Мы с Куценко к тому времени снова выскочили на поле, следя за парашютом в небе и кружащим самолетом. И сразу же ринулись к бензовозу.

«Никак дождить стало», — бросил на бегу Куценко, вытирая рукавом лицо.

«Дождь-то «горючий», Александр Федорович», — отозвался Ваня Доронин, наш шофер.

«Горючее слить! Зараз! — спохватился начальник аэродрома. — Как бы взрыва не было».

«Да что вы, Александр Федорович! Я и так сумею», — запротестовал Доронин, перепрыгивая через ухаб.

«А ну! Без пререканий! Связь возлагаю на Зосиму Петровича! — командовал Куценко. — Во всем подчиняться его указаниям». — Он тяжело дышал от непривычного бега, былой борец.

Я тащил на себе походную рацию и немного отстал.

Куценко сел рядом с шофером в бензовоз. Ваня открыл сливной кран. Я примостился между цистерной и кабиной водителя. Мы помчались по ухабам травянистого поля, оставляя едко пахнущий след.

Доехали до ангаров. Там нас ждали рабочие с чехлами и брезентами. Мы набросали их на цистерну, соорудив нечто вроде подушки, Куценко остался у ангара.
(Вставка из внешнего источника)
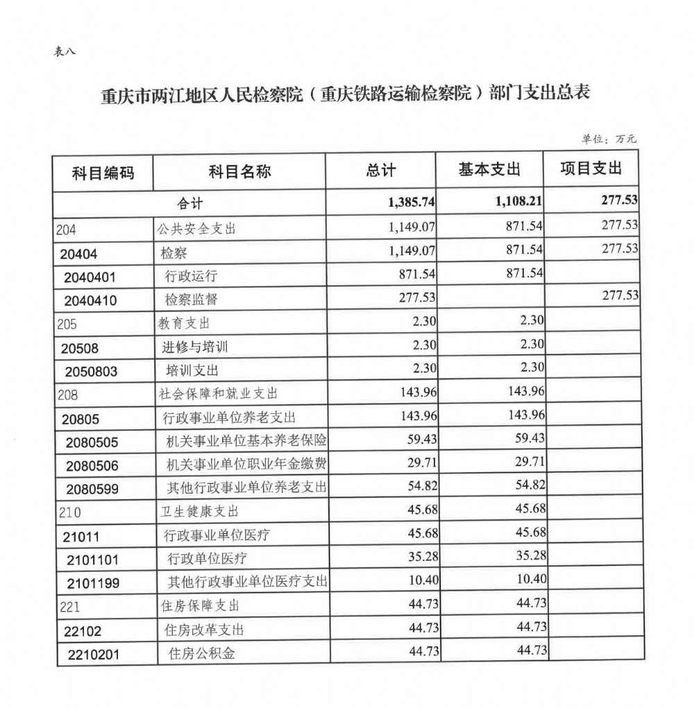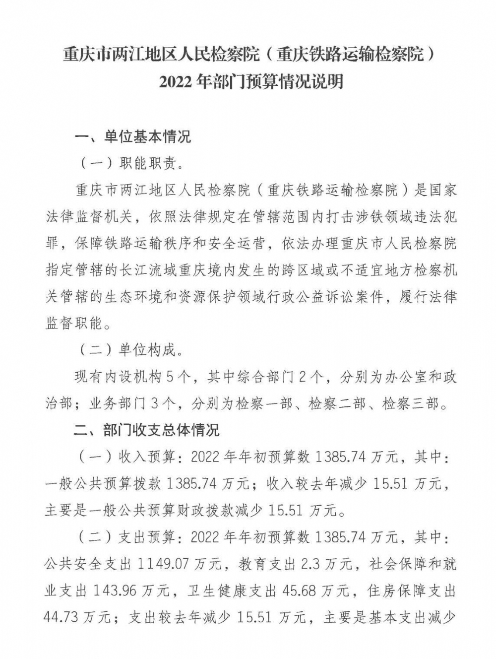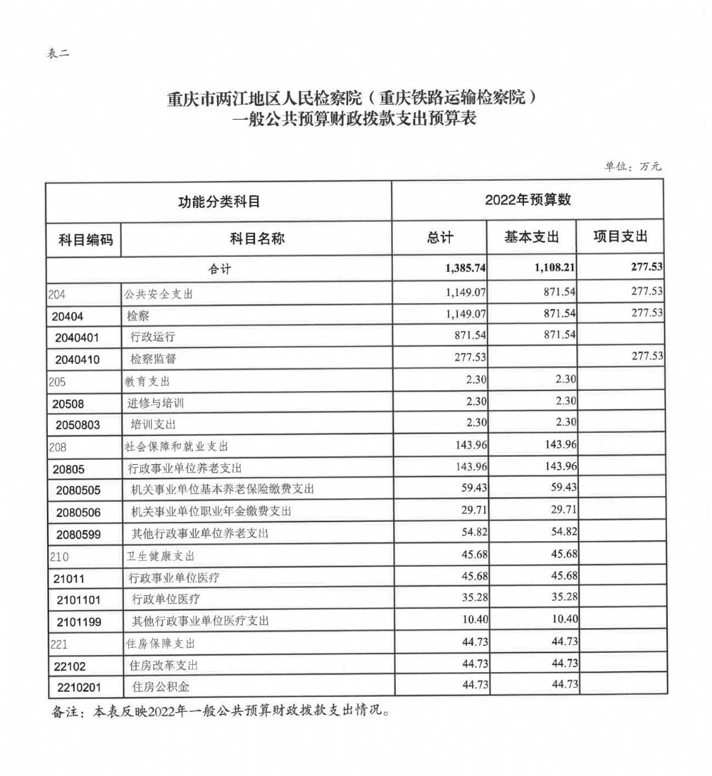 重庆市两江地区人民检察院(重庆铁路运输检察院)2022年部门预算
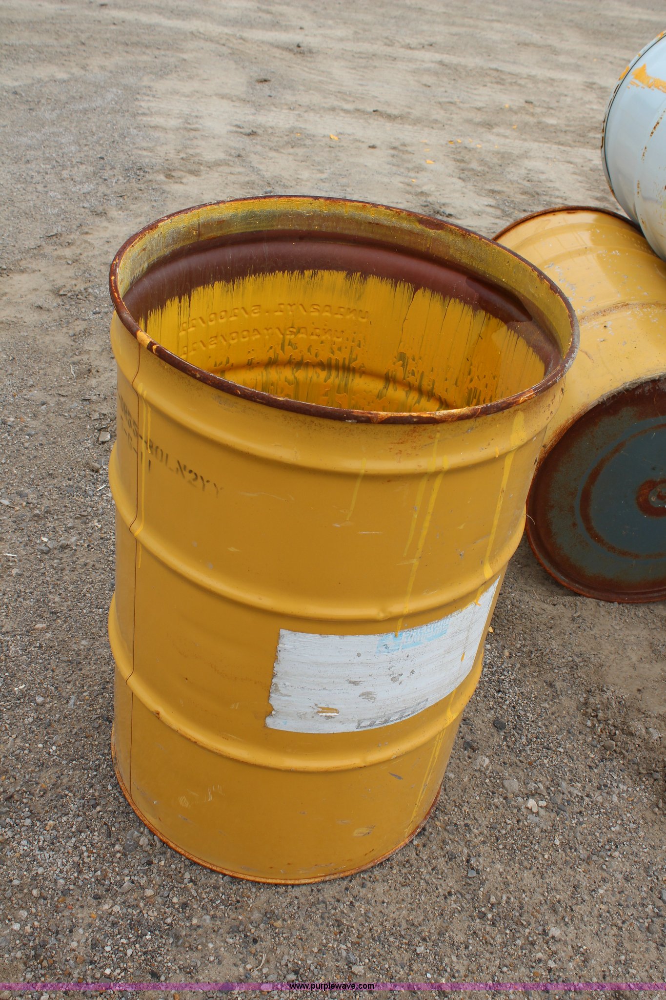 Purple Wave is selling a used Tools in Kansas. This item is a (10) 55 gallon barrels with the following: Used
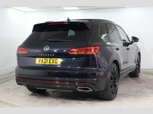 Discover this exceptional 2021 Volkswagen Touareg TDI V6 Black Edition, boasting remarkably low mileage for its age at just 34,181 miles. This Four Wheel Drive model, powered by a robust 3.0L Diesel Euro 6 engine, offers a compelling blend of performance and practicality. Its Black Edition trim ensures a striking presence, complemented by Full LED Headlights for superior visibility. Inside, experience supreme comfort with Front ErgoComfort Seats featuring electric 14-way adjustment and memory settings, part of the comprehensive Memory Pack. The convenience of Keyless Entry, including Hands Free Tailgate Opening, makes accessing the generous boot space effortless. This Touareg stands out with its impressive acceleration, reaching 0-62mph in a swift 6.3 seconds, demonstrating its dynamic capabilities. The Adaptive Cruise Control, complete with Front Assist and radar sensor controlled distance monitoring, enhances driving ease and safety. Furthermore, its low insurance group rating indicates potential cost savings for owners. With a substantial towing weight of 3500 kg, this vehicle is exceptionally well equipped for a variety of needs, offering more versatility than many comparable models. 12V Socket x3, 21in Alloy Wheels - Suzuka Glossy Black, 2x Type C USB Interfaces in Dashboard - , 4MOTION Active Control, ABS Plus - Anti-Lock Braking System with, Active Bonnet, Adaptive Cruise Control - Including Fron, Advanced High-Beam Control Dynamic Light, Air Suspension, Air Vents in B-Pillar, Alarm with Interior Protection - Back up, Ambient Lighting - White, Automatic Coming Home Lighting Function, Automatic Dimming Interior Rear View Mir, Automatic Headlight Control, Automatic Headlight Height Adjustment, Automatic Post-Collision Braking System, Autonomous Emergency Braking, Black Decorative Trims on the Side Windo, Black Exterior Mirror Housings, Body Coloured Door Handles, Body C
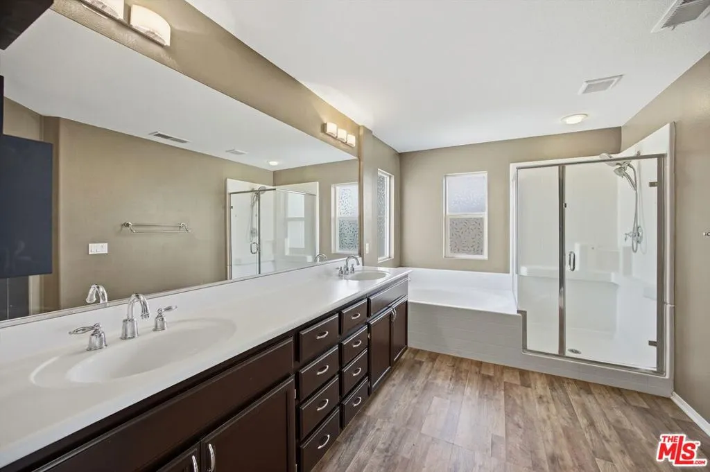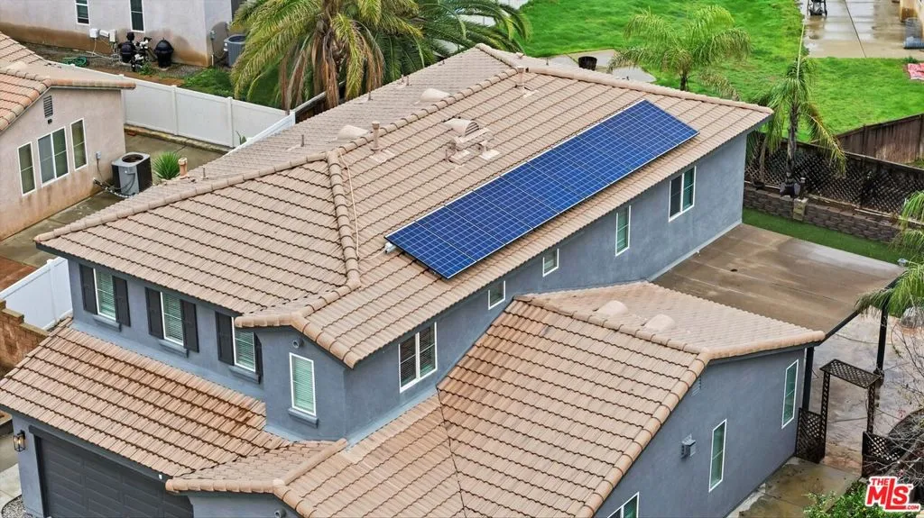 Spacious and inviting 6 bed, 2 and 3/4 ba home with a bedroom and bath on the first floor, offering flexibility for today's lifestyles. This home features recessed lighting, vinyl flooring, newer interior paint, and a bright, open feel throughout. The family room flows seamlessly into the kitchen, highlighted by curved entry doorways and a cozy fireplace perfect for everyday living and entertaining. The large kitchen offers generous cabinet space and includes a microwave, stove, and dishwasher. Enjoy year-round comfort with central AC and heating, plus the added benefit of a solar system for energy efficiency. The spacious primary suite features a spa-inspired ensuite with dual sinks, soaking tub, and separate shower. Additional highlights include a laundry area with storage, front and backyard space, a covered patio ideal for BBQs, an outdoor Jacuzzi, and ample parking with a 2 car garage and 2 car driveway.

Я связался по радио с самолетом и приказал Ване: «Гони!»

И мы помчались по ухабам. Нужно было выехать к самому началу посадочной полосы, чтобы оказаться там одновременно с самолетом.

Мы опоздали. ИЛ-14 с ревом пронесся над нами, когда бензовоз не набрал еще достаточной скорости и безнадежно отстал от него. Мы видели, как самолет снова стал набирать высоту и делать круг для нового захода.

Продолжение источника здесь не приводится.